The October 7 attacks and the ensuing Israeli response threatened Israel’s place on the invitation list for such events, especially those hosted in the Middle East. Reassuringly though, since the attacks, there has been slithers of hope on this front as Israel was represented at the UN’s Middle East and North Africa Climate Week on October 8. That said, as Israel’s pursuit of Hamas escalates, diplomatic efforts between Israel and other Arab nations will likely need to keep a lower profile.
One Arab country peculiarly affected by the Israel-Palestine conflict is the United Arab Emirates (UAE). At the end of the month, it will host the COP28 summit and is eager to portray itself as a regional peacemaker. However, the presence of Israeli officials in the UAE is likely to be controversial amongst Emiratis as the Palestinian cause has largely united Arabs against Israel.
Having the global spotlight on the country creates the ideal conditions for demonstrations of dissent against the rulers’ decision to allow Israel to attend. This would risk the conflict overshadowing the conference which the UAE hope will demonstrate their ability to bring countries together to reach resolutions on important issues.
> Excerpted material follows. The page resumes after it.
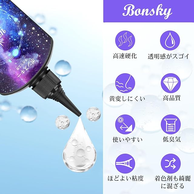 高い透明度と薄いにおい:(意匠登録1776576号、年間最もクリエイティブで人気のあるデザイン。)成形レジン液の透明度がとてもいいです!Bonsky(ボンスキー)レジン液は黄色くなりにくいです。透明パルプを合わせると、色がとても鮮やかです!良質で無害な材料で作られています。臭気が少なく、安全で環境にやさしいことに驚くでしょう。そして時間が経つにつれて簡単に黄色くなることはありません。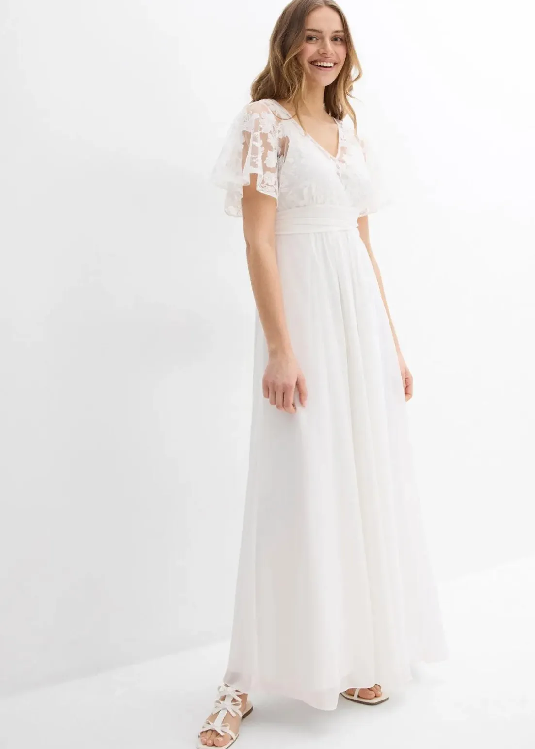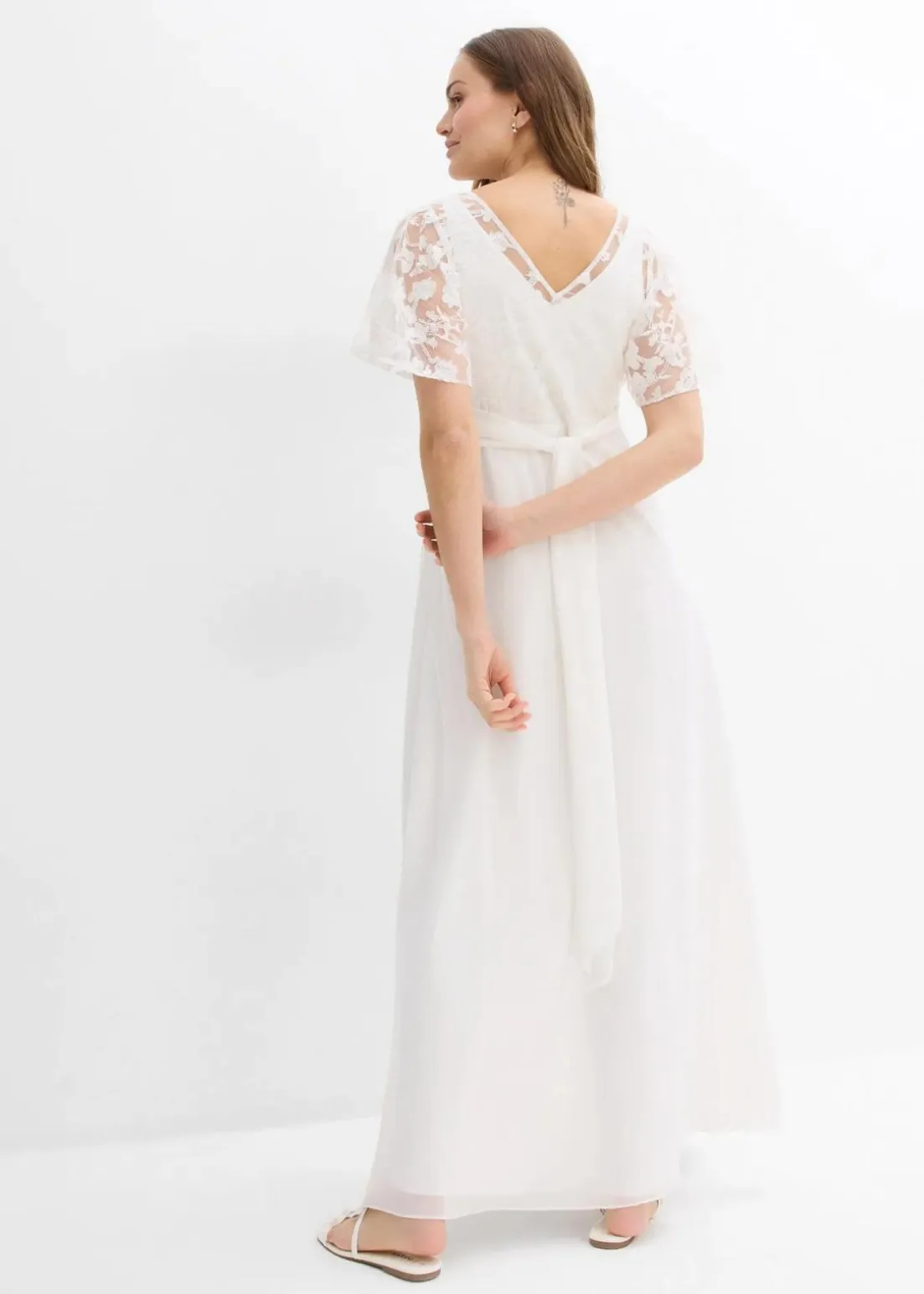 Hochzeitskleid aus Spitze und Chiffon für die Schwangerschaft und danach

If Israeli officials can attend such a high-profile summit in the Middle East with little visible resistance it would offer hope that some diplomatic channels between Israel and Palestine can remain open. As with France, Germany and Northern Ireland, there must be some communication between adversaries, if the foundations for peace can begin to be built.
Talking about the climate whilst casualties pile up at an alarming rate in the Gaza Strip may seem trivial to some, but it could offer a path to peace. Israel and Palestine face the same climate and will both be affected by extreme weather — it benefits both to work together to overcome these challenges.
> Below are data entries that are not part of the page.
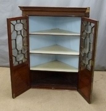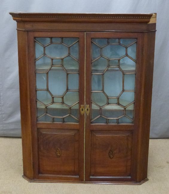 Georgian astragal glazed mahogany corner cupboard, W99 x H124cm
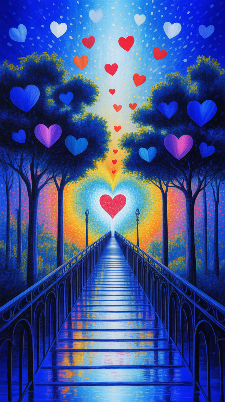 This free vibrant dreamy phone wallpaper captures a surreal nighttime scene with a long reflective bridge extending towards a glowing heart in the horizon. Set amidst tall forest trees painted in deep blues and purples, the HD background offers a serene and magical vibe ideal for users craving a peaceful and emotional aesthetic. The radiant twilight sky transitions beautifully from deep blue to warm yellow and orange hues, while floating colorful hearts add a touch of love and positive energy to your device’s lockscreen or home screen. Compatible with both iPhone and Android phones, this dark wallpaper brings an enchanting atmosphere that enhances any device with its high-quality resolution and unique artistic style.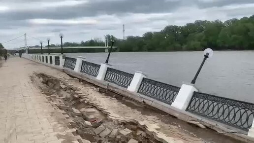 Обрушение набережной Оренбурга после паводка. Видео А.Архипов.4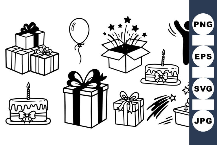 Black and white vector icons feature birthday cakes, gift boxes, balloons, fireworks, and a celebrating person in outline style for party and celebration themes.

Not only would it address the scarcity of essential resources which drive the conflict, but it could provide the diplomatic channel necessary to renew peace talks. The idea of Palestinians and Israelis tackling climate issues or anything else together in partnership may seem far-fetched now but it was less than 80 years ago that France and Germany viewed each other as enemies; now war between the two is unthinkable. Unionists and nationalists in Northern Ireland fought for over 70 years before the Good Friday Agreement led to them sharing political power.
Whilst the ongoing conflict in Gaza stifles diplomatic communications, COP28 will indicate the degree to which Israeli diplomacy can be visible in the Middle East. A climate-focused peacebuilding attempt may appear unrealistic but the consequence of an escalation of conflict is further deaths and destruction from fighting, disease and malnourishment. Climate change is at least a challenge they both share and tackle together.